Над Кубанью зори полыхают
Шрифт:
Пассажирский поезд проходил через Егорлык на Рассвете. Еще было темно, когда на станцию прискакало несколько казаков. Они спешились, отвели коней за хлебные лабазы, привязали к акациям. Потом появились атаман и участковый начальник. Они укрылись в помещении.
Скоро из Ново–Троицкой пришла линейка. На ней два горца и четыре деревянных ящика. Не успели лошади остановиться, как казаки окружили линейку. Убежать горцы уже не могли. Казаки заломили им руки назад. Связали. Подоспели и атаман с участковым начальником.
Пленники молчали. Только злобный огонёк в их глазах
Марченко кинжалом поддел крышку одного ящика, разорвал полотно. Все увидели аккуратно сложенные обоймы с патронами.
Горцев усадили на ящики. Два дюжих казака примостились на крылья линейки, крепко уцепившись за пояса пленников. Остальные. — на лошадях, вокруг линейки. Пойманных повезли обратно в станицу.
Случилось так, что слух о поимке турецких шпионов разнёсся по станице ещё до возвращения казаков с арестованными. И потому к шляху прибежал и стар и мал. — Некоторые с вилами в руках, кольями, дедовскими шашками.
Ощерив щербатый рот, с огромным дрючком на улицу выскочил и Илюха Бочарников.
— Вот такие войну и затевают, азиаты проклятые! Выпустить им кишки, чего там допрашивать! — загорланил он, как только линейка с арестованными стала приближаться к станичной окраине.
Конвойные тесно окружили линейку и обнажили шашки.
В арестантской станичного правления уже лежали на полу дагестанцы, оставшиеся в станице. Завывая от боли, бился, стараясь развязать туго стянутые руки, их черноглазый мальчонка. Щелкнул замок, заскрипела дверь на ржавых петлях. В арестантскую бросили и привезённых горцев.
Шум у правления нарастал. Казаки окружили правление плотным кольцом. В толпе были выборные старики. Они требовали собрать круг. Атаман и участковый начальник вышли на середину круга и стали успокаивать стариков, доказывали, что виновников надо отправить в Армавир, где их допросят и будут судить.
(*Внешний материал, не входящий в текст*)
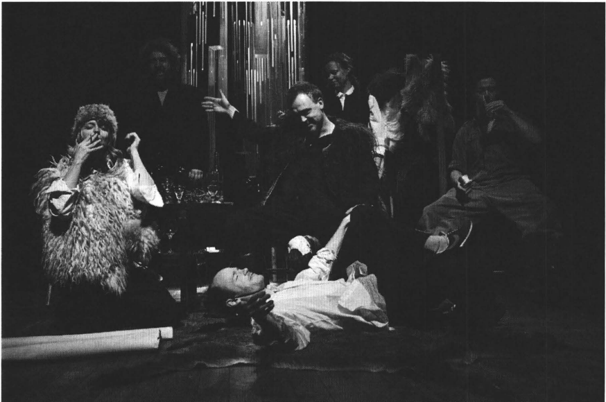
“Timon van Athene” door De Roovers

Timon of Athens is inderdaad een problematisch stuk om verschillende redenen. Hoewel het opgenomen werd in de eerste uitgave van Shakespeares verzameld werk –de First Folio van 1623– neemt men thans aan dat het de vrucht is van collaboratie met Thomas Middleton. Maar het ziet er naar uit dat het niet helemaal afgewerkt is gebleven. We hebben trouwens ook geen weet van enige opvoering in Shakespeares tijd. De plot bevat twee verhaallijnen, de ene over Timon en de andere over de bevelhebber Alcibiades, die vrij los van elkaar staan. Beide werden ontleend aan North's vertaling van Plutarchus. Men situeert het ontstaan van het werk omstreeks 1607.
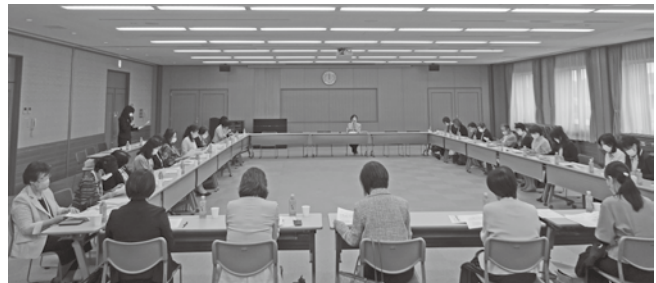
通常総会のようす
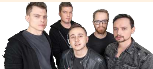
Die fünf Vollblutmusiker feiern als Cover-Band.
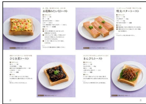
【和トースト】 ちりめんじゃこの和風トースト、ひじ き煮トースト、明太バタートースト 他
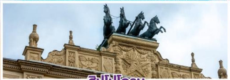
ฮิปโปโดรม
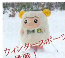
ウィンタースポーツに挑戦！

昨年は「ゆるキャラグランプリ2013」にエントリー。「企業・その他」の部で26位と健闘しました。もちろん今年もエントリー。皆さんからの投票で今年はさらに上位をめざします。札幌地本ホームページの「モコの部屋」には、モコの壁紙や歌など楽しいコンテンツを用意しています。
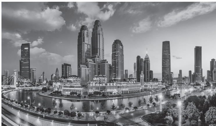
▲天津市和平区夜景

学习贯彻习近平文化思想是当前和今后一个时期宣传思想文化战线的重大政治任务，要在这样的政治定位中深学细悟、融会贯通，推动习近平文化思想的学习走深走实。一是要站在坚定拥护“两个确立”、坚决做到“两个维护”的政治高度来深刻领会和把握。习近平文化思想深刻回答了新时代我国文化强国建设举什么旗、走什么路、坚持什么原则、实现什么目的等根本问题，是习近平新时代中国特色社会主义思想的文化篇，要自觉在增强“四个意识”、坚定“四个自信”、做到“两个维护”的高度上加强对习近平文化思想的学习、研究和阐释。二是要站在“强国建设、民族复兴”的战略高度深刻领会和把握。党的二十大擘画了全面建设社会主义现代化国家、以中国式现代化全面推
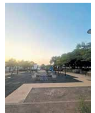
Parque del Real.

Será el momento de descubrir las mejoras de accesibilidad, nuevas zonas de sombra, nuevos juegos infantiles y nuevos accesos directos desde la calle. Se trata de un encuentro abierto a la ciudadanía que
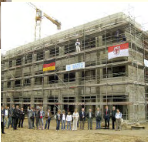
Richtfest am 13. Juli 2007

Ein von Hebammen geführter Kreißsaal begleitet die werdenden Eltern in angenehmer, entspannter Atmosphäre individuell, familienorientiert, diskret und doch mit der notwendigen medizinischen Sicherheit. Eine Betreuung der Geburt nach den Empfindungen der Mutter hat Priorität. Auf der Wochenstation werden Mütter und Neugeborene vom Pflegeteam der Station und ihrer Hebamme umsorgt, erhalten Unterstützung bei der Versorgung des Kindes und Hilfestellung beim Stillen.
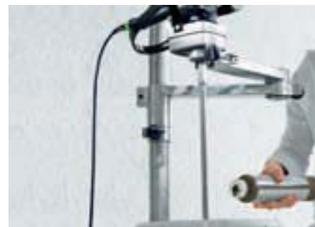
Идеальное дополнение к перемешивателю: миксерная стойка выполняет работу, пока Вы заняты другим.

Очень многие виды работ по-прежнему требуют больших затрат сил и времени – и зачастую только потому, что никому ни разу не пришло в голову разработать для этого оптимальный инструмент.
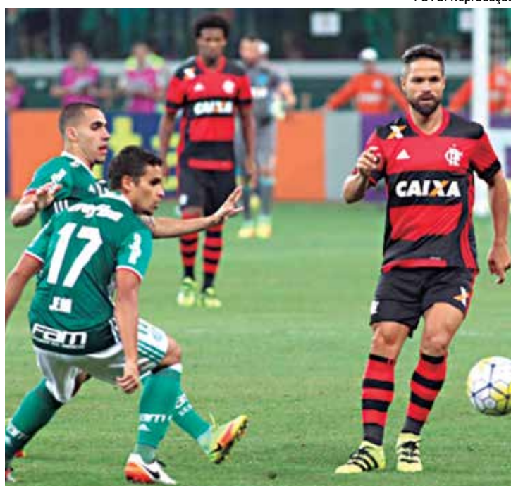
Palmeiras e Flamengo com mais exposição de jogos na TV aberta
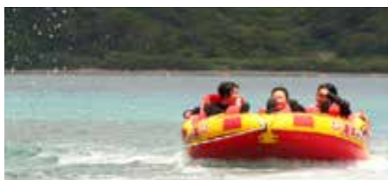
【スリル満点ツッパ体験】

「こんなに色とりどりで綺麗な魚やサンゴが見ることができて驚き！」初めての体験だったけどこの感動をみんなで共有できたことが嬉しかったよ！
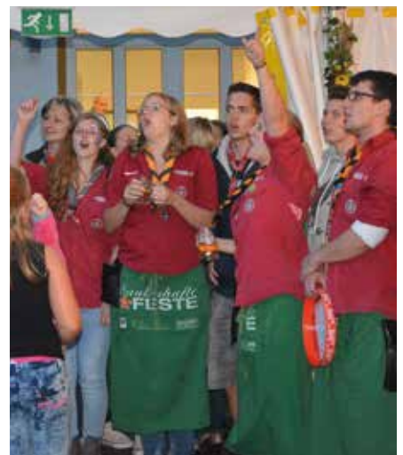
Die Menge tobt.
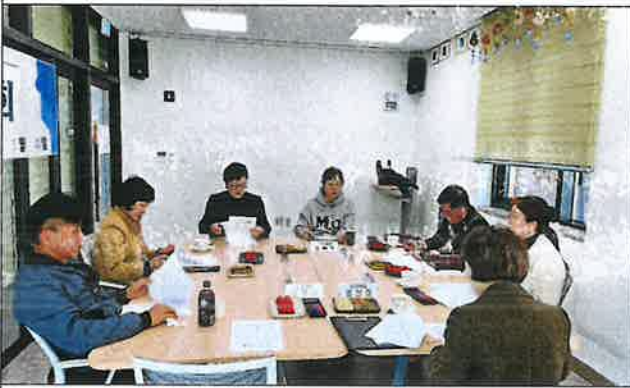
1차 운영위원회 사진
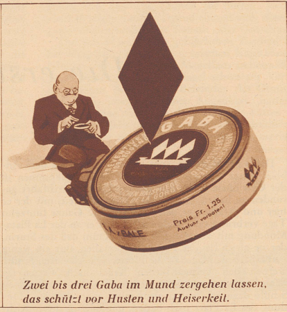
Zwei bis drei Gaba im Mund zergehen lassen, das schützt vor Husten und Heiserkeit.
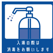
入場の際は 消毒をお願いします

— Знаем, как их там допросят! — кричали из толпы — Подержат, получат взятку и гайда на все четыре стороны!
— Чего там допрашивать, самосудом допросим!
Старики подались вперёд. Разъяренные казаки хлынули за ними к арестантской. Дверь с петель была сорвана. Арестованных схватили, потащили в круг. Толпа бесновалась долго. Горцев били до тех пор, пока от них не осталось страшное кровавое месиво.
А в это время в арестантской, сжавшись в комочек, оцепенев от страха, сидел мальчонка. О нём вспомнили только ночью, когда удовлетворённая жаждой мести толпа покинула площадь. К атаману подошёл Илюха Бочарников.
— Ты вот что: отдай мне дитё дагестанское, Евсей Иванович! Выкрестом сделаю его, может, господь грехи сбавит.
— Возьми! — атаман кивнул головой. — А завтра пораньше договоримся с попом и окрестим, а то убыот и его. Мальчишка-то ни при чём.
Так хитрый Илюха завладел мастером, умеющим и паять, и лудить медную посуду. И стал он после того поговаривать, что откроет мастерскую…
Из Армавира, от начальника Лабинского отдела, приехала в станицу следственная комиссия. Искали зачинщиков расправы, но не добились никакого толку. Составили акт с показаниями свидетелей о том, что горцы пытались бежать и первыми бросились на казаков с обнажёнными кинжалами, за что поплатились жизнью.
ГЛАВА ВОСЕМНАДЦАТАЯ
Летом станица просыпалась ещё до рассвета. Едва Умолкали первые петухи, как начинали мычать на базах коровы, зовя хозяек. I де-то играл рожок пастуха. Хлопали калитки, скрипели телеги.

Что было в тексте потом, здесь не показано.